Barclays is expected to bow to demands by leading investors to revamp plans for a new pay scheme as it seeks to avoid reigniting a long-running feud over the remuneration of its top employees.
Sky News has learnt that several institutional investors have urged Barclays to alter a new role-based allowance for senior staff so that it is paid in shares instead of cash.
The shareholders have said that plans mooted by the bank to award share allowances to only its chief executive and chief financial officer do not go far enough.
"We want this money to be paid in stock rather than cash, potentially for all of those who will receive it," one major Barclays investor said.
Barclays is expected to heed investor concerns by expanding the pool of those who receive the role-based allowances in shares, although it may attempt to restrict the number only to those on its executive committee, who also include its chief risk officer, its heads of investment banking and its human resources director.
Several hundred Barclays staff will be eligible for the role-based pay under new European rules that come into effect this month. That number is likely to be smaller following a decision to tighten the definition of senior risk-takers within European banks.
The regulations are designed to curb excessive pay for bankers by restricting to a maximum of 200% of base salary - or 100% without shareholders' permission - the bonuses that individuals can be paid.
Pay awards for 2013 which will be decided in the coming weeks are not affected by the new rules.
Sources say the reforms would not have an inflationary effect on overall pay at Barclays because the new third chunk of remuneration would be factored in to deliberations over annual bonuses for senior staff.

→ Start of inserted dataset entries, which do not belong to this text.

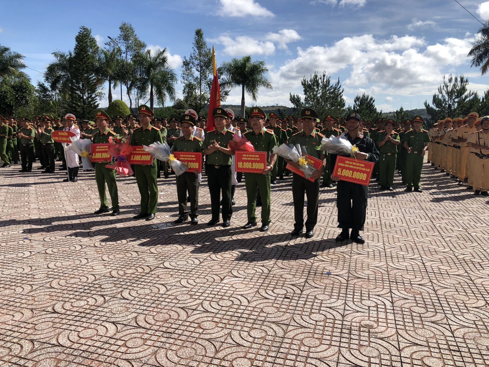 Cũng nhân dịp này, Đại tá Hồ Văn Mười – Giám đốc Công an tỉnh Đắk Nông cũng trao thưởng cho các phòng, ban đơn vị đã có thích tích xuất sắc trong phá án.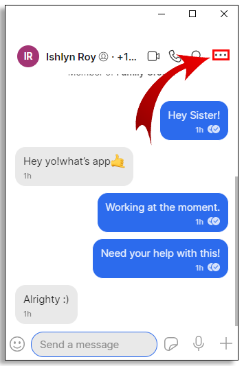 2. Click on the three horizontal dots on the upper right corner of the group window.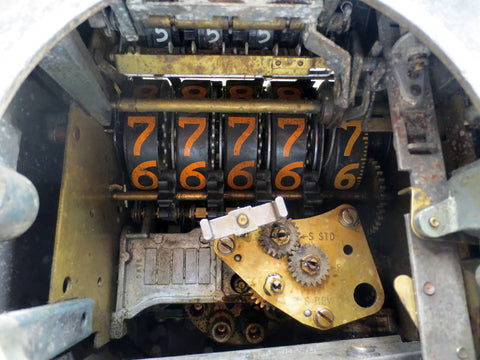 All numbers reset correctly and buttons work. Both dials are clear and intact. Metal case is in good condition, surface rust only. Original color preserved.The handle is complete and turns well on the right. No handle on the left side. The metal tag is in great condition and says "Neptune Print-O-Meter Auto Stop Register Model 434 Code 1" with instructions. Beautiful piece to restore and add to a gas pump. Can also be transformed into a cool lamp. Measures 8 X 9 X 8 inches

Under one scenario outlined by a leading Barclays investor, a senior executive in its investment bank could be paid a basic salary of £750,000, a maximum bonus - with shareholder approval - of £1.5m, and a sum running to hundreds of thousands of pounds paid in monthly installments.

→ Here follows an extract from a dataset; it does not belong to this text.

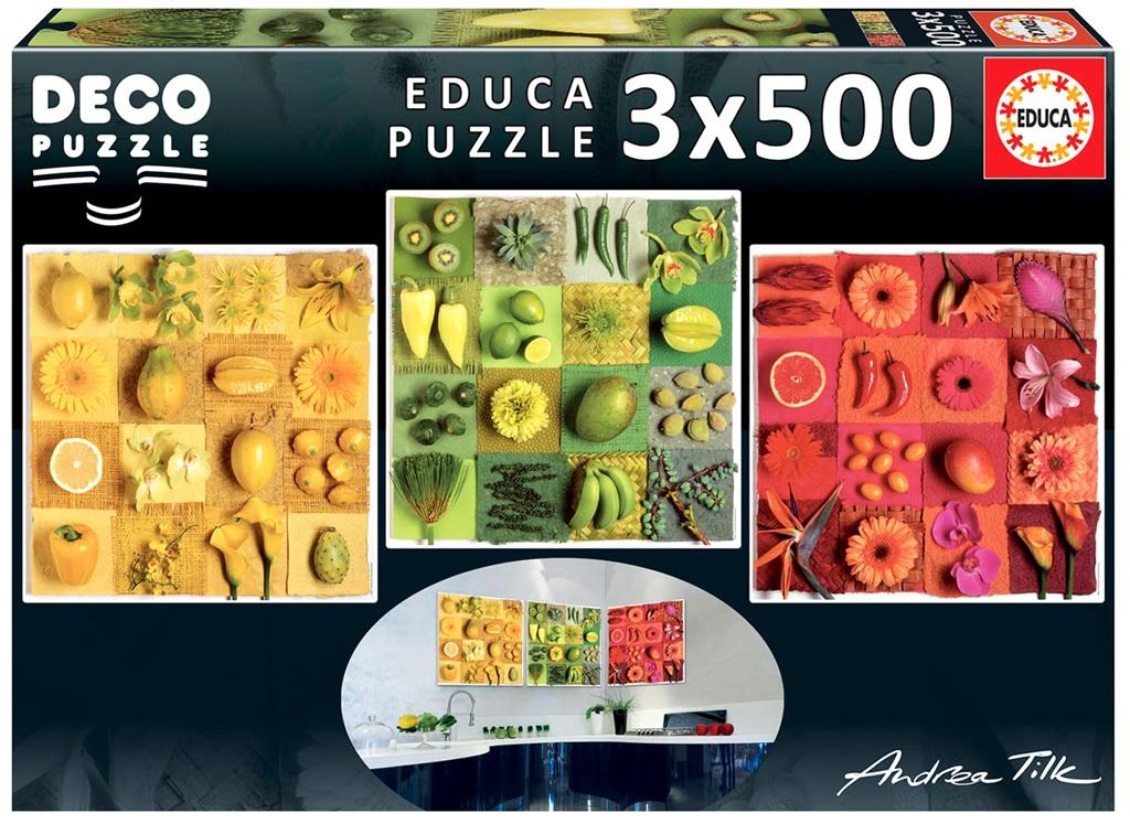 Puzzle 3x500 Kwiaty, owoce, warzywa G3

Barclays and other UK banks such as HSBC have argued that the European Union rules will inhibit their ability to compete with rivals, with some institutions complaining that staff are already being poached by non-EU rivals.
"One of the key questions to the banks is that as part of the uncertain bonus is shifted into a more certain payment then what discount should be applied to the more certain third element," said one investor when Sky News revealed Barclays' plans in October.
"There are also a lot of questions on how the new third element is determined and how much transparency shareholders will get on this."
The issue of transparency will be particularly crucial since banks have been ordered to disclose more information about how much they pay their top staff.
Hundreds of thousands of City bankers are likely to be caught up in the EU remuneration rules, and other banks are also understood to be planning structures similar to that being discussed at Barclays.
Bankers' pay is already subject to rules relating to the proportions that can be paid in cash and shares, and much of it has had to be deferred for at least three years under reforms introduced in the aftermath of the financial crisis.
Last summer, the Parliamentary Commission on Banking Standards proposed a 10-year deferral period for senior bankers' pay in order to encourage a greater focus on long-termism in the City.
The Treasury, which last autumn mounted a legal challenge to Brussels' efforts to impose a maximum two-for-one bonus/pay ratio, is being kept informed about the plans of each of the major lenders.
The UK banks will ask shareholders to vote at next year's annual general meetings on a resolution to allow them to pay up to twice the level of base salaries to senior staff as annual bonuses.
Barclays is particularly anxious to avoid a new row over pay following the confrontations that dogged Bob Diamond's tenure as chief executive of the bank.
Antony Jenkins, the current chief executive, said last week that high pay was a necessary feature of competing in many of the business areas in which Barclays has a presence.
Barclays, which raised nearly £6bn from selling new stock last year, declined to comment on talks with shareholders about the new role-based allowances.